You know, that is kind of a stupid curse, but clearly God hasn’t exactly been playing with a full deck for a very long time.
— Alexander Williams
People have always ascribed to God that terrible and ineffable power that orders the heavens and the earth. They have credited him with that storm wind of fate that brings fear, sorrow, and pain. It’s not clear that that’s what God is like in the Hitherby continuity. And it’s definitely not my personal perspective on the divine. But when the town Thessel, in “Four Horsemen,” refers to that power, what else can I call it but “God”? Even the most positive interpretations of the numinous are not tame lions.
I can’t help but wonder what would happen if they met Teletubbies.
Now you know! Well, sort of. Kind of!
So we’re probably going to be in for a rude awakening when these two run into someone like Martin?
That depends entirely on what outcome you expect. :)
Did you invent (imagine?, envisage?) Liril and Micah simultaneously, or one some time after the other?
I created Liril and Micah as such simultaneously. But each of them draws heavily on stuff that was already in my head. Mostly unrelated stuff. So their influences almost certainly evolved at different times. I’d guess that my initial conception of Liril was in 1982 or so, and the original version of Micah late 2001.
Or, in short, “yes.” :)
Are we to think that since Parvati was, based on to the King’s decree, to marry Mr. Schiff, that she’s the Mrs. Schiff of the headless goats story?
It seems fair to assume that Mr. Schiff and Mrs. Schiff are a married couple, at the very least!
And, see, now I understand why the idea of Jesus as an AWA disturbs you so much. After all, it would be heresy to say that Jesus didn’t suffer on the cross (actually was one at some point, I’m sure someone died over it) — and if Jesus suffered for you and took all of your suffering upon himself, you should be able to bear a little suffering too without crying out, you little whelp .. wait, what?

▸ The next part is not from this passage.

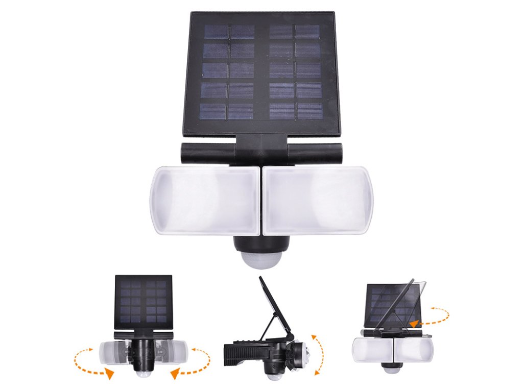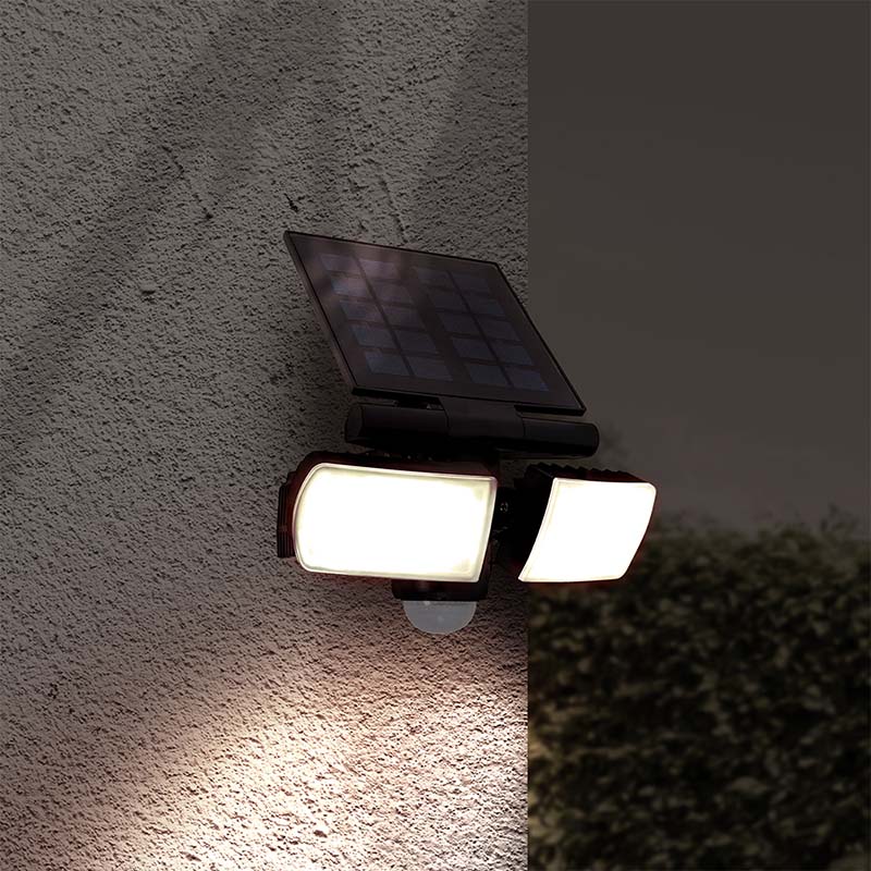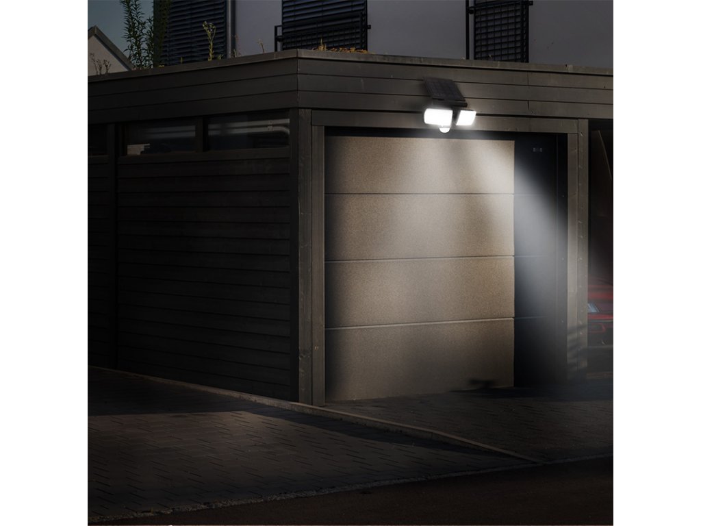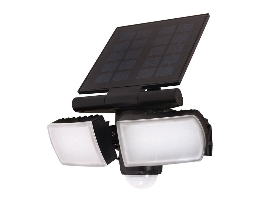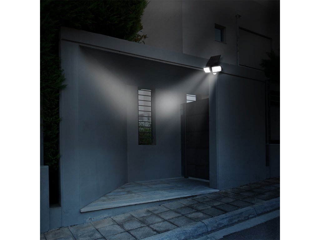 Solárne osvetlenie LED s nastaviteľným senzorom je ideálnou voľbou pre miesta bez prívodu elektrickej energie, ako sú vstupné brány, pergoly, prístrešky alebo parkovacie miesta. Vďaka integrovanému solárnemu panelu a výkonnej Li-Ion batérii (3,7 V / 2000 mAh) poskytuje 8 W svetla a 600 lm svetelného toku s neutrálnou bielou farbou (4000 K). Reflektory aj solárny panel možno ľahko nakláňať a otáčať, čím sa maximalizuje účinnosť smerovania svetla a zberu solárnej energie.

Organized religion tends to use the same logic as a monster. But I’ve never actually met someone who was a really nasty religious person.

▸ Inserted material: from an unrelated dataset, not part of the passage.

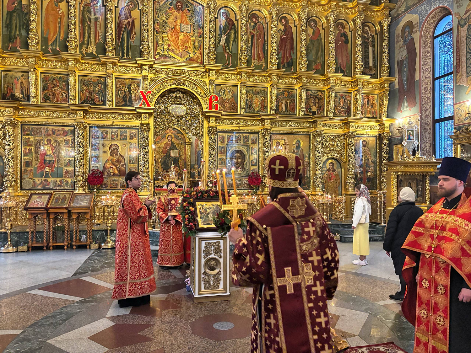 Вечернее богослужение прошло в радостной атмосфере продолжающихся Пасхальных торжеств. Праздничные церковные песнопения исполнил мужской хор храма преподобной Евфросинии.

It’s strange. I have friends who have been badly hurt by “Christians.” I have plenty of second-hand examples of how easily the faith gets twisted. But I haven’t had the personal experience necessary to turn that into resentment. So you probably shouldn’t look for a condemnation of Christianity here. My work has angels and God and sometimes Christian themes because I . . . well, because I like them! And when I write Hitherby posts involving Jesus—and the same for Kwan-Yin, Buddha, and all the rest of that numinous lot—I try to be a bit open to the world, so that if they’re out there and want to shape what I’m doing with them as characters, they can.
That said, there are times when people get too gung ho about “suffering for others’ sake is good” and “suffering is a necessary part of existence.”
See, there are people who study Canada. In a University.
I felt that all of you should get to read this again.
There are people.
Who study Canada.
In a University.
I followed the link.
That’s one way to make an Italian red sauce…
The secret ingredient is INTESTINE.
So is this a result of Micah/Michael, or a prelude to it, or an alternate, or fnord?
Tantalus (I/IV) occurs roughly 3320 years before Micah (2/2).
woglies are, after all, empty.
Yes. They are.
That is in fact how Jenna put it!
I want a set of Idealism Goggles.
Take pictures of a bunch of things you love. Keep the negatives.
Draw some other wonderful things on tracing paper.
Print some pictures of incredibly cool stuff on really thin paper.
Cut up the negatives, drawings, and print-outs.
Glue the pieces onto the inside of a pair of goggles. Now you have Idealism Goggles! It’s easy, safe, and fun for the whole family.
That’s it for now! Thanks for reading, thanks for posting on maps.hitherby.com, and thanks for commenting—even if you didn’t get thanked for a compliment or picked for a specific response. See you again this coming month!